From the instances selected as Kubernetes hosts, select one to serve as the cluster's master node.

Master
  1. SSH into the instance selected as the Kubernetes master
ssh ubuntu@<master-instance-public-ip>
  1. Clone this repository
git clone https://github.com/MAYHEM-Lab/Depot
  1. Run the Kubernetes master installation script
sudo ./deploy/platform/k8s/master.sh
  1. Save the generated output command resulting from installation script invocation
  2. Change owner of Kubernetes credential file to ubuntu:
chown ubuntu:ubuntu /etc/kubernetes/admin.conf
  1. On local machine (SSH client), copy the Kubernetes credentials over to authorize kubectl:
mkdir -p ~/.kube
scp ubuntu@<master-instance-public-ip>:/etc/kubernetes/admin.conf ~/.kube/config
Worker
  1. SSH into the instance selected as the Kubernetes master
ssh ubuntu@<master-instance-public-ip>
  1. Run the generated command from installation of Kubernetes master
echo "...." >> /etc/hosts && kubeadm join ...

Services

In addition to the MySQL and RabbitMQ credentials from the aforementioned steps, you will need your Github OAuth App credentials and Eucalyptus access keys to configure and deploy the services.

  1. Generate the Depot access key. Store this securely somewhere - it is used to interact with the Depot REST API in an administrative manner.
access_key=$(tr -dc A-Za-z0-9 </dev/urandom | head -c 13 ; echo '')
  1. Generate the Depot JWT key. This will be used to sign user tokens. Do not save or distribute this.
jwt_secret=$(tr -dc A-Za-z0-9 </dev/urandom | head -c 13 ; echo '')
  1. Create Kubernetes secrets
kubectl create secret generic mysql-credentials \ 
  --from-literal=host="$mysql_host" \
  --from-literal=username="$mysql_username" \
  --from-literal=password="$mysql_password"

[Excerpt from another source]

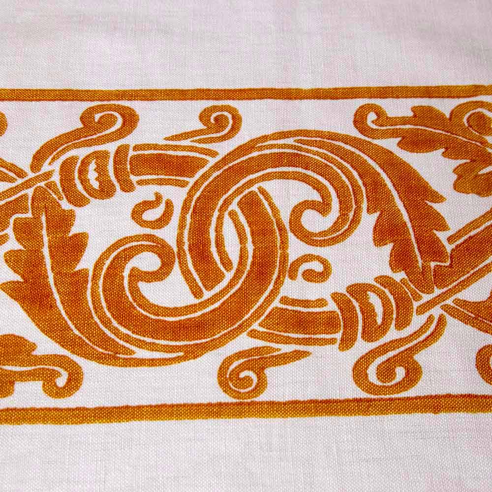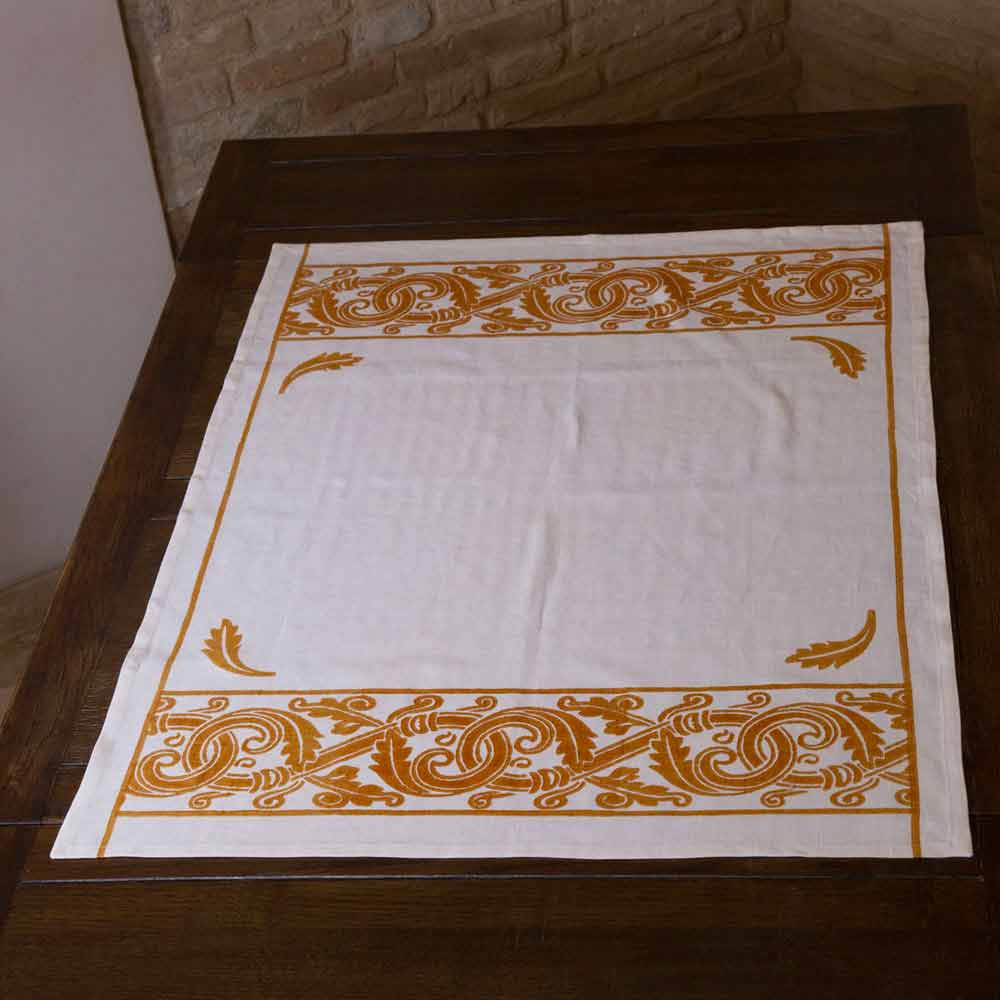 Handgemachtes Frühstücksaccessoire (Tischdecke und 2 TischServietten) aus reinem Leinen mit künstlerischem Aufdruck auf handdekorierten antiken Stoffen, erhältlich in drei Varianten, ein einzigartiges Stück Qualität, hergestellt in Italien.

kubectl create secret generic rabbitmq-credentials \
  --from-literal=host="$rabbitmq_host" \
  --from-literal=username="$rabbitmq_username" \
  --from-literal=password="$rabbitmq_password"

kubectl create secret generic github-credentials \
  --from-literal=client_id="$github_client_id" \
  --from-literal=client_secret="$github_client_secret"

kubectl create secret generic auth-keys \
  --from-literal=jwt_secret="$jwt_secret" \
  --from-literal=access_key="$access_key"

kubectl create secret generic cloud-credentials \
  --from-literal=access_key="$cloud_access_key" \
  --from-literal=secret_key="$cloud_secret_key"
  1. Create Kubernetes deployments and services
kubectl apply -f deploy/system/manager.yaml
kubectl apply -f deploy/system/notebook-router.yaml
kubectl apply -f deploy/system/frontend.yaml
  1. After the Eucalyptus load balancer registers and discovers the frontend service, the Depot platform should be available at the load balancer's DNS name. This process may take a few minutes.

User Clusters

Clusters used by users and organizations to dispatch transformations and execute notebooks are deployed as self-contained Kubernetes namespaces.

Creation

User clusters are managed with Depot's clusterctl tool.

  1. Identify Depot endpoint and admin access key. If the steps above were followed, the endpoint is the DNS name of the Eucalyptus load balancer and the access key should have been securely stored.
  2. Identify entity name for which the cluster should be created (username or organization name)
  3. Create cluster
./deploy/cluster/clusterctl -k <key> -s <endpoint> create <entity> <cluster-name>
  1. The created cluster's Spark capacity can be managed by modifying the spark-worker deployment in the cluster's namespace.